Task requirements
Print only the lines below from the one with "- ↑ Anna Greve" to the one with "いよいよ放送が4月7日に迫っ", both included, exactly as they stand. Leave pictures out.

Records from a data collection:
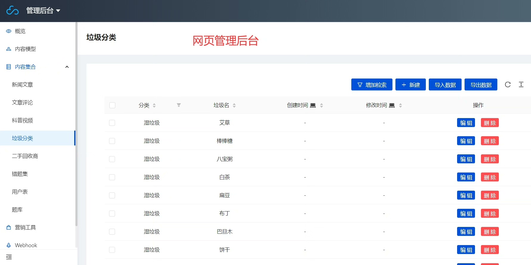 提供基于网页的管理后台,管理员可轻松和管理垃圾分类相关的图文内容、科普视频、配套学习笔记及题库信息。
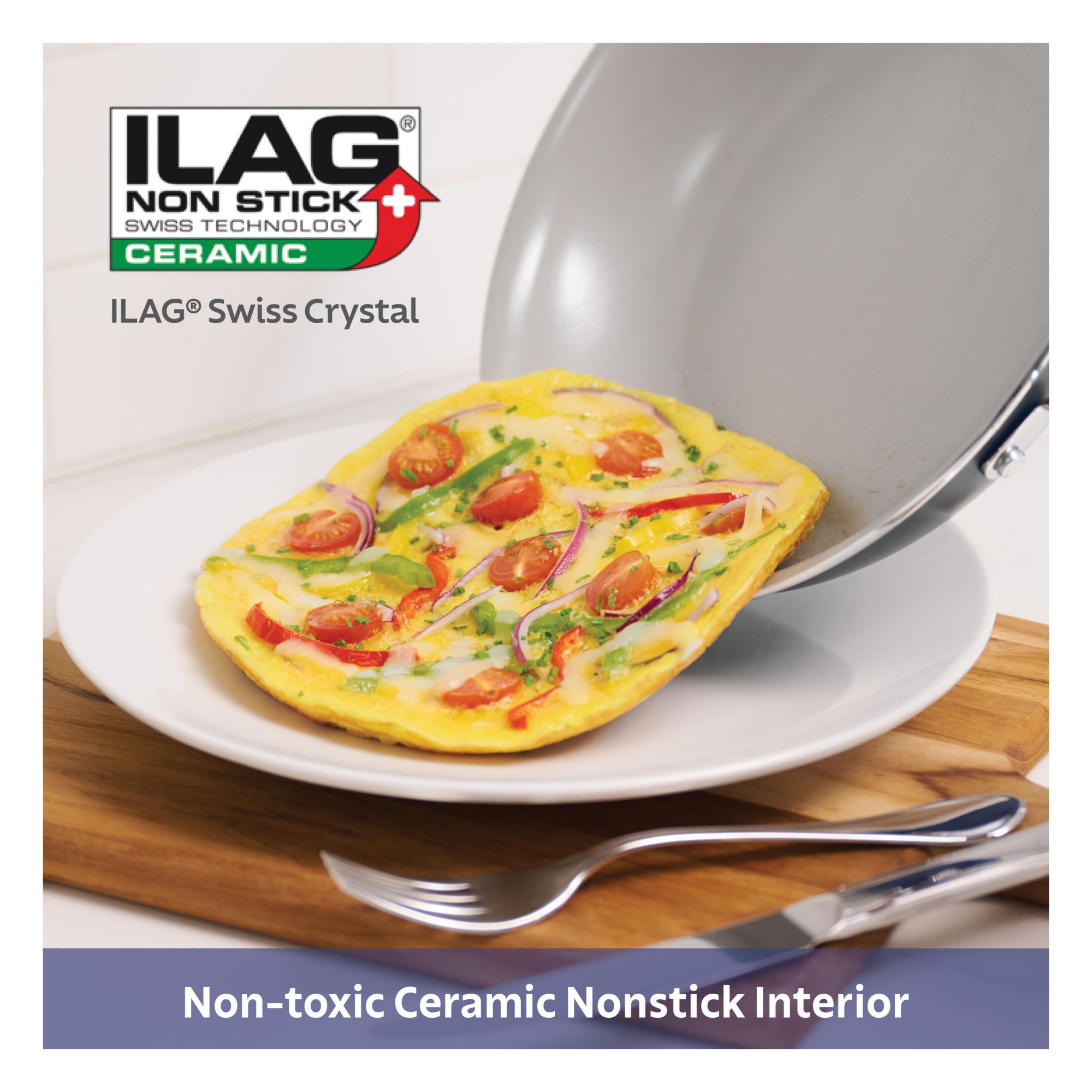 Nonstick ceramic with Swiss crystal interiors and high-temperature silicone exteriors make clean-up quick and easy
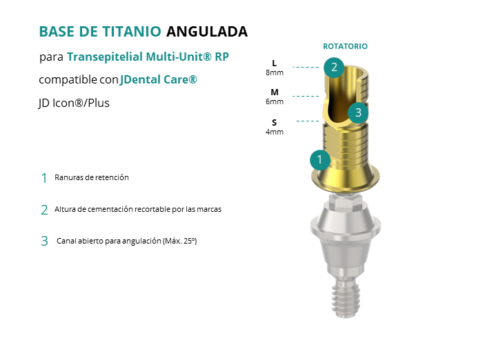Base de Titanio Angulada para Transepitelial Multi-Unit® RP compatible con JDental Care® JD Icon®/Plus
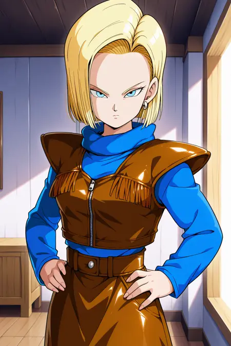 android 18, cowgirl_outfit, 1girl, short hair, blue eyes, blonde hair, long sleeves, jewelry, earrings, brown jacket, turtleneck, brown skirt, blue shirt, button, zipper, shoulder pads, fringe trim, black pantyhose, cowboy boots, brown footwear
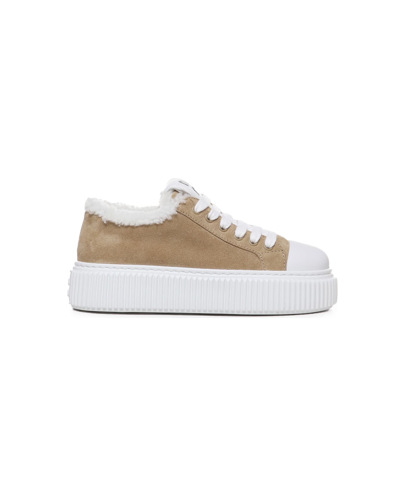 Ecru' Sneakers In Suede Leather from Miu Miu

==

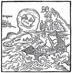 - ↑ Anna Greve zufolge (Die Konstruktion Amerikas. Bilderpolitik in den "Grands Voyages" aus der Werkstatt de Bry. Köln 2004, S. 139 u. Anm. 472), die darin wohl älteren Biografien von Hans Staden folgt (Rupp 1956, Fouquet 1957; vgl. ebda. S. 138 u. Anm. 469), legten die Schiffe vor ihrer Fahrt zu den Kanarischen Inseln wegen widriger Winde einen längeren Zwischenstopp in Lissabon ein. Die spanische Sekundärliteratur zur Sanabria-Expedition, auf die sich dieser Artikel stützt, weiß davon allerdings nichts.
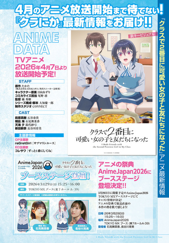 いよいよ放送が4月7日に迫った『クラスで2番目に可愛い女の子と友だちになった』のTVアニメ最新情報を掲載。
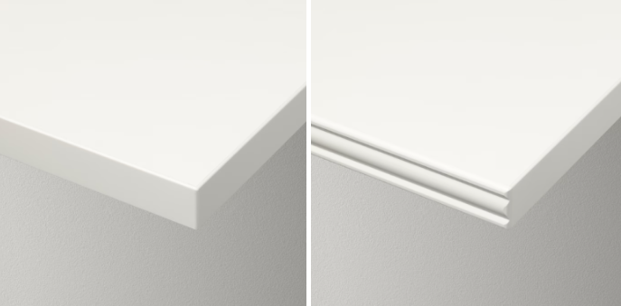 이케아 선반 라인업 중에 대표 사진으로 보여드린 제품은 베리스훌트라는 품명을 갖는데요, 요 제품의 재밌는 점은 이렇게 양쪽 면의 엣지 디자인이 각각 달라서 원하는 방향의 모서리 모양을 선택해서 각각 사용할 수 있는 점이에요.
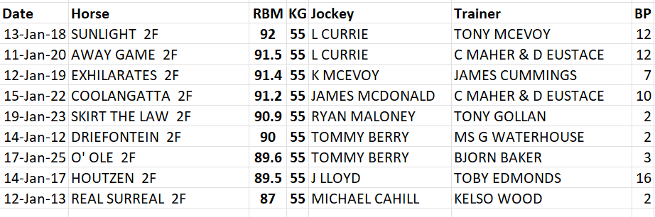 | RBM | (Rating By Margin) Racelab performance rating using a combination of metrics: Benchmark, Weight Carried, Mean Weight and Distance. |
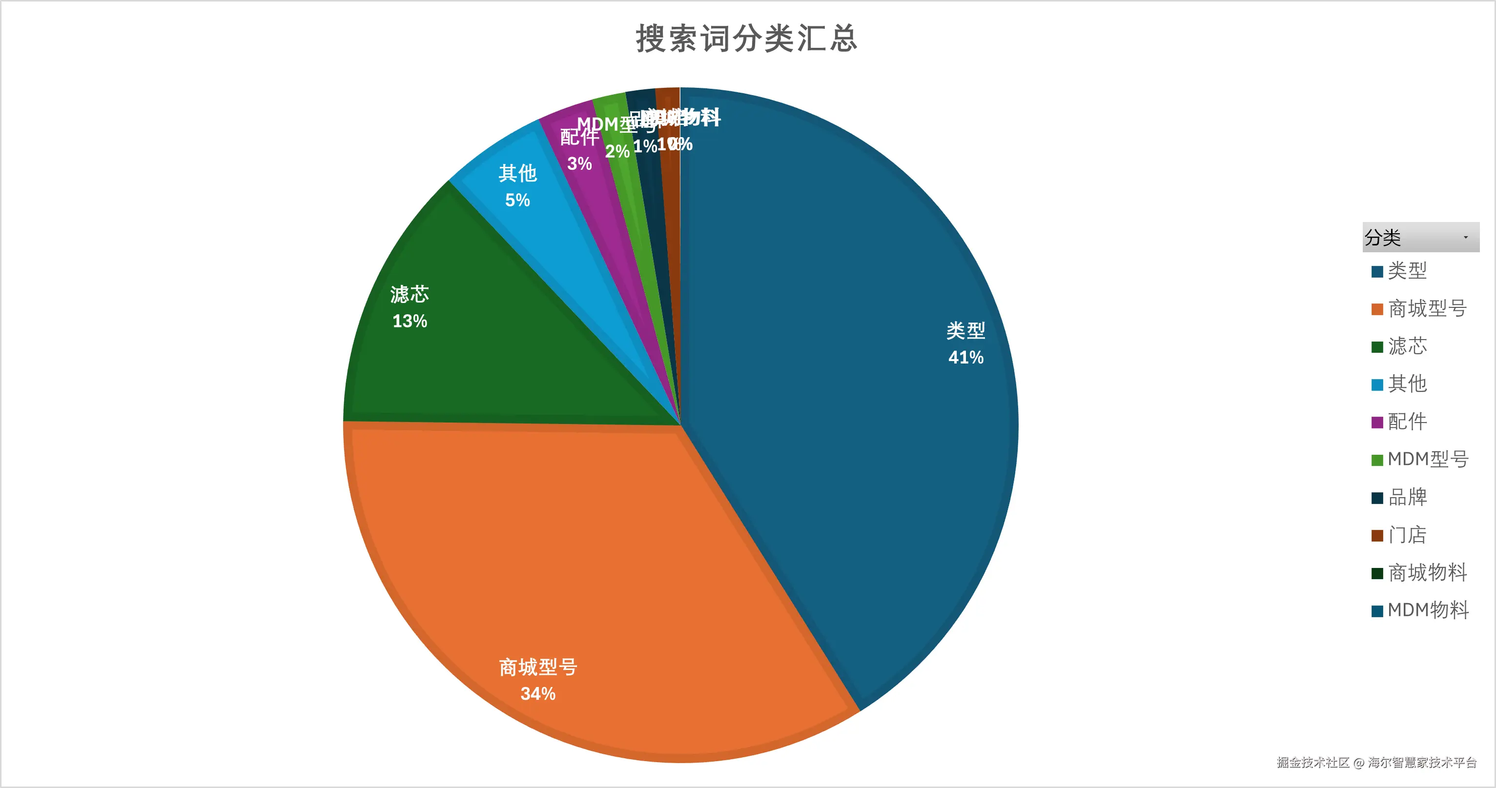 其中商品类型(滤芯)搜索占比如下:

Result below
 - ↑ Anna Greve zufolge (Die Konstruktion Amerikas. Bilderpolitik in den "Grands Voyages" aus der Werkstatt de Bry. Köln 2004, S. 139 u. Anm. 472), die darin wohl älteren Biografien von Hans Staden folgt (Rupp 1956, Fouquet 1957; vgl. ebda. S. 138 u. Anm. 469), legten die Schiffe vor ihrer Fahrt zu den Kanarischen Inseln wegen widriger Winde einen längeren Zwischenstopp in Lissabon ein. Die spanische Sekundärliteratur zur Sanabria-Expedition, auf die sich dieser Artikel stützt, weiß davon allerdings nichts.
 いよいよ放送が4月7日に迫った『クラスで2番目に可愛い女の子と友だちになった』のTVアニメ最新情報を掲載。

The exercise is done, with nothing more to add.